The first casualty is well and truly upon us

Propaganda wars a no-man's land for investigative reporters


Richard Ackland


With the dogs of war yowling you can be pretty confident that the first casualty is well and truly upon us. Truth has been going out the window in war coverage ever since these affairs began to be reported, and it's no different this time. So be prepared for plenty of misinformation and poorly sourced speculation.


Australian journalist Phillip Knightley wrote a famous book on the subject, The First Casualty: A history of war correspondents and propaganda (revised edition Prion 2000). Knightley, who went to England in the 1950s, fled the London bureau of Ezra Norton's Mirror and "wriggled" his way on to The Sunday Times, where as an investigative reporter he played a central role in some of the greatest stories of the era - the double-dealing surrounding the drug thalidomide and its British distributor Distillers, the machinations of the Profumo sex scandal and lengthy interviews with Kim Philby in Moscow.

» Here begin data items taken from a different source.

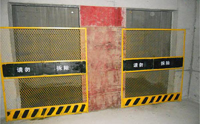 在電梯未安裝正式防護(hù)網(wǎng)之前,任何人不得擅自拆除改動(dòng)電梯井防護(hù)網(wǎng),嚴(yán)禁利用電梯井作為垃圾通道,嚴(yán)禁任何人扶、靠電梯井防護(hù)網(wǎng)或?qū)㈩^探入電梯井內(nèi),以及嚴(yán)禁在電梯井防護(hù)網(wǎng)上靠置、擺放任何材料、物件。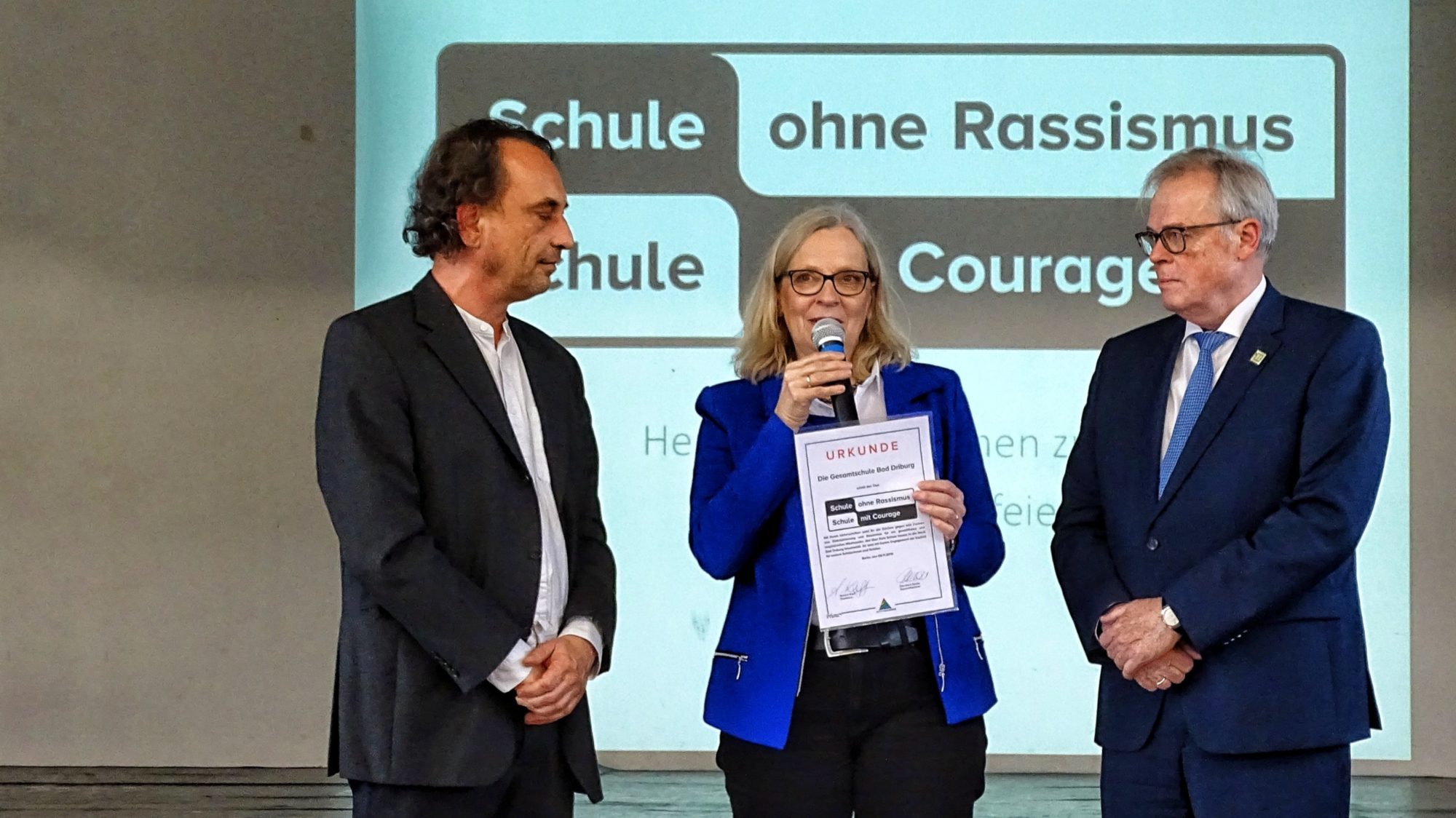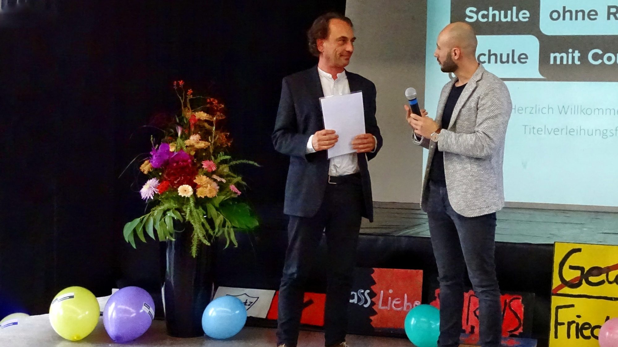 Der freudige Anlass der Feierstunde war die Verleihung des Titels ➡️ „Schule ohne Rassismus – Schule mit Courage“. Schulleiterin Brigitte Köhler-Thewes nahm die Urkunde von Regionalkoordinator Rüdiger Gleisberg (Kommunales Integrationszentrum) entgegen.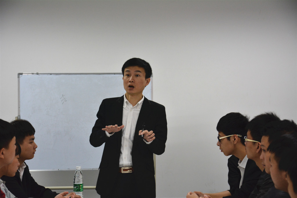 嗨竞技刘总一行在就业老师江小龙的陪同下,给在会议室等待的二十名同学详细介绍了公司的各项情况,招聘岗位以及福利待遇等,同学们也积极主动的与企业方进行了交流。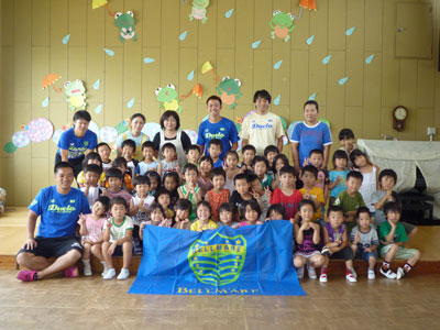 7月4日寒川町にあります旭保育園に、渡邊選手、政野屋選手、阿久津GKコーチの3名が行ってきました。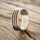 "RIO" - IRONWOOD & PYRITE INLAYS WEDDING BAND WITH HAMMERED EDGES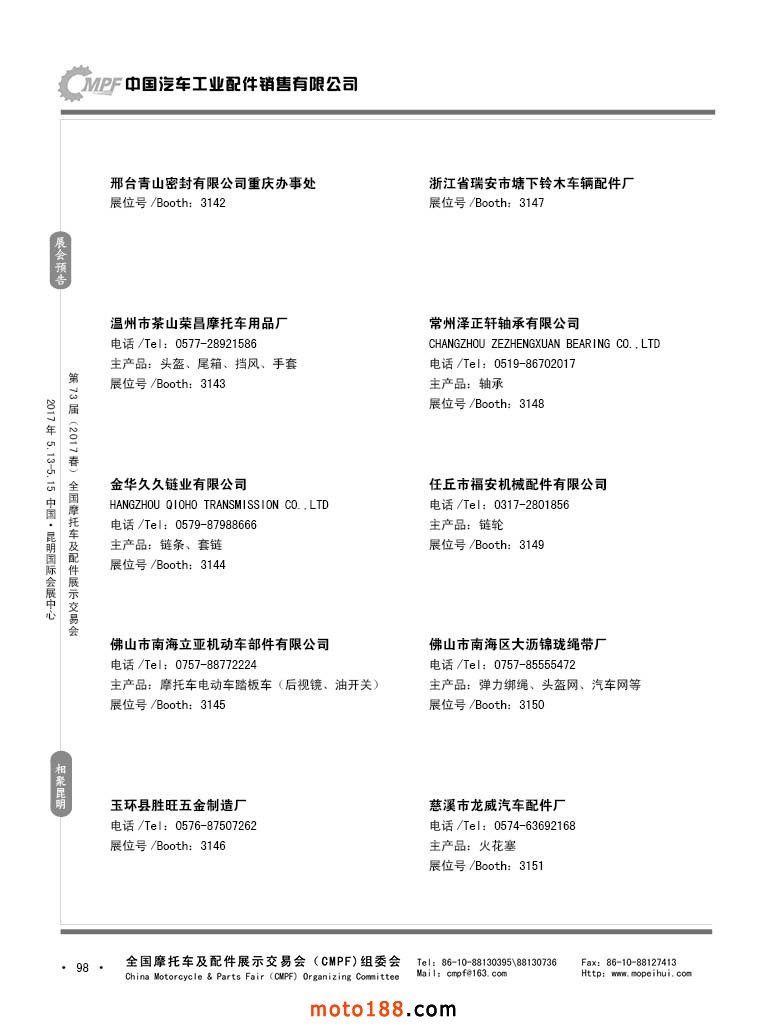 第36屆秋季(廣州)全國摩托車及配件展示交易會參展企業名錄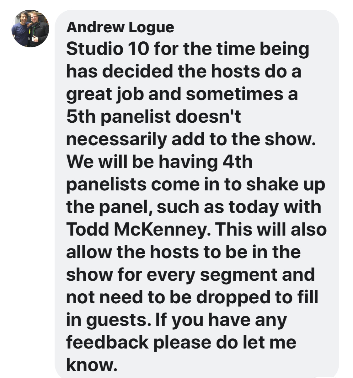 I would, though, move Jess to the far right of the desk, and have her current seat the rotating panellist.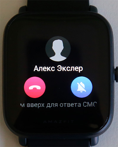 Входящий звонок. Можно сбросить звонок, отключить звонок в смартфоне. При этом я там с неимоверным удивлением обнаружил предложение сделать свайп вверх и ответить предустановленным сообщением в SMS (никогда такого не было в часах подобного уровня), и там даже выдался список сообщений на английском, а при нажатии на одно из них появилась надпись "сообщение отправляется", но на вызываемый смартфон никакое сообщение не приходит, я несколько раз проверил.
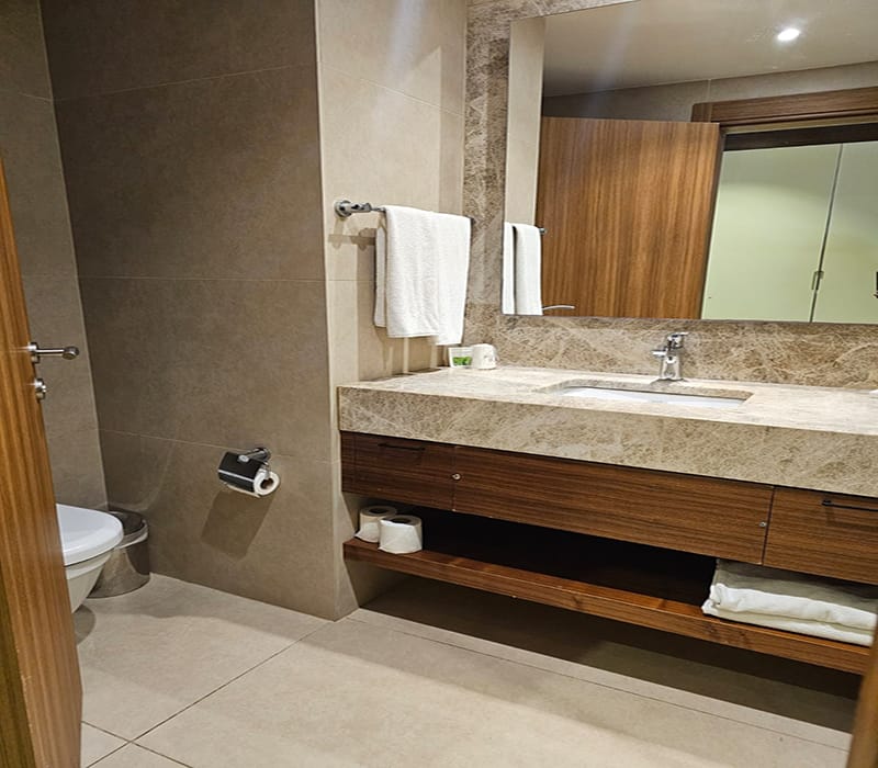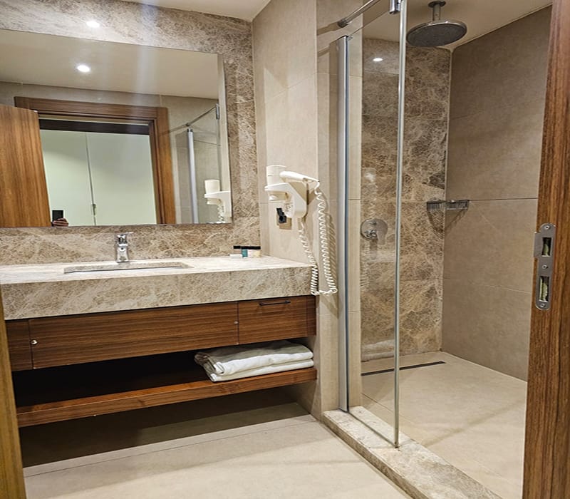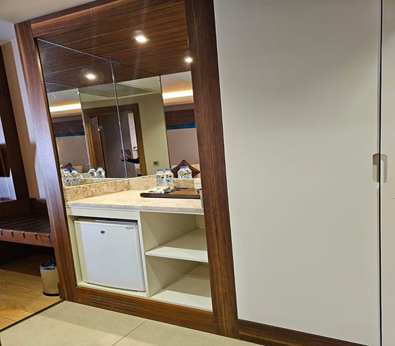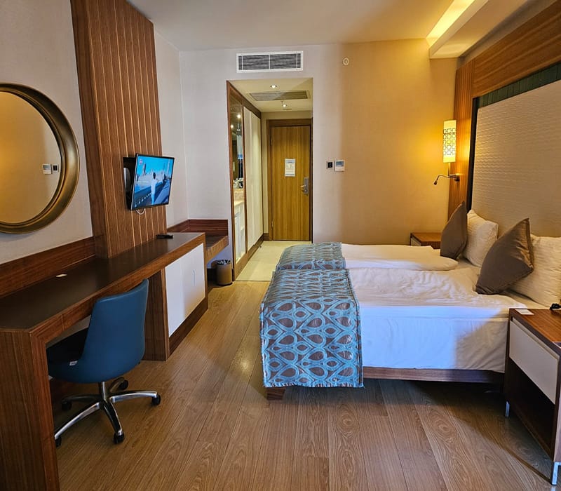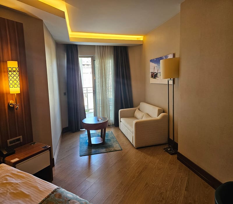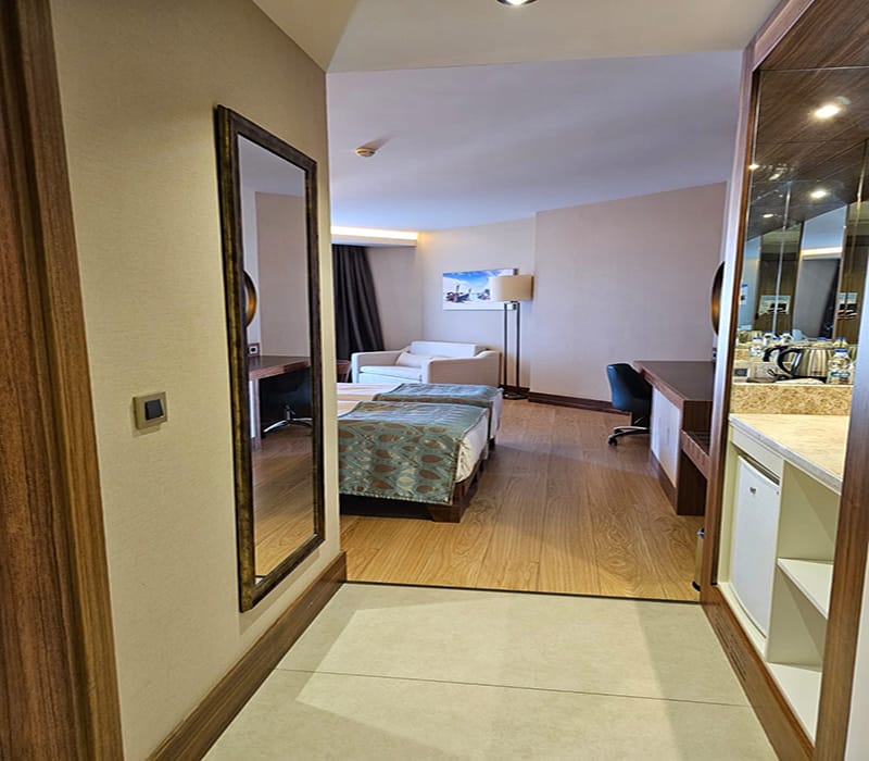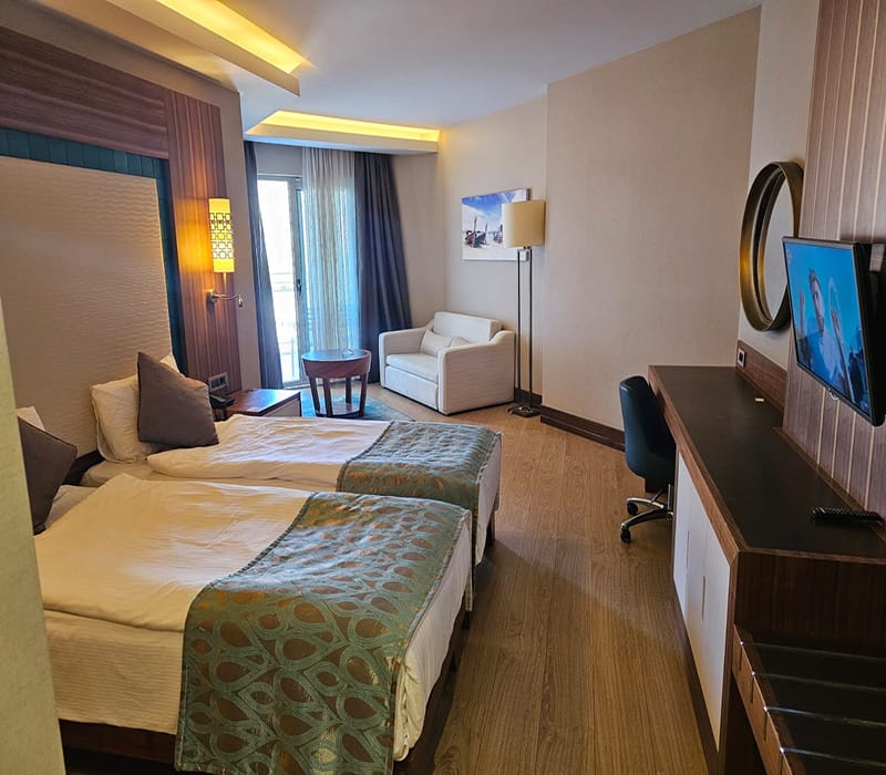 This Front Sea View Facing Suite, Kusadasi is all in one room and consists of twin beds, a seating area with a sofa and coffee table, a large built-in unit/work desk along the back wall and plenty of storage. There is also a modern fully tiled bathroom complete with a walk-in shower.

Twice he was named journalist of the year in the British Press Awards. His many books have been courageous and absorbing. If any journalist is worthy of an Australia Day gong, it should be someone of the calibre of Knightley.


He's now into his 70s, sharper than ever, and spends a couple of months a year in Sydney. He is to deliver a lecture next month under the auspices of the Evatt Foundation and the Media Entertainment and Arts Alliance with the morbid title, "The death of investigative journalism and who killed it?" The murderer will be unmasked by Knightley in his address on February 15.


There could be fewer more pressing questions at a time when the important function of journalism is being corralled, manipulated and bullied by powerful interests like never before. And that is apart from the craft's tendency to undermine itself by concentrating on the vapid.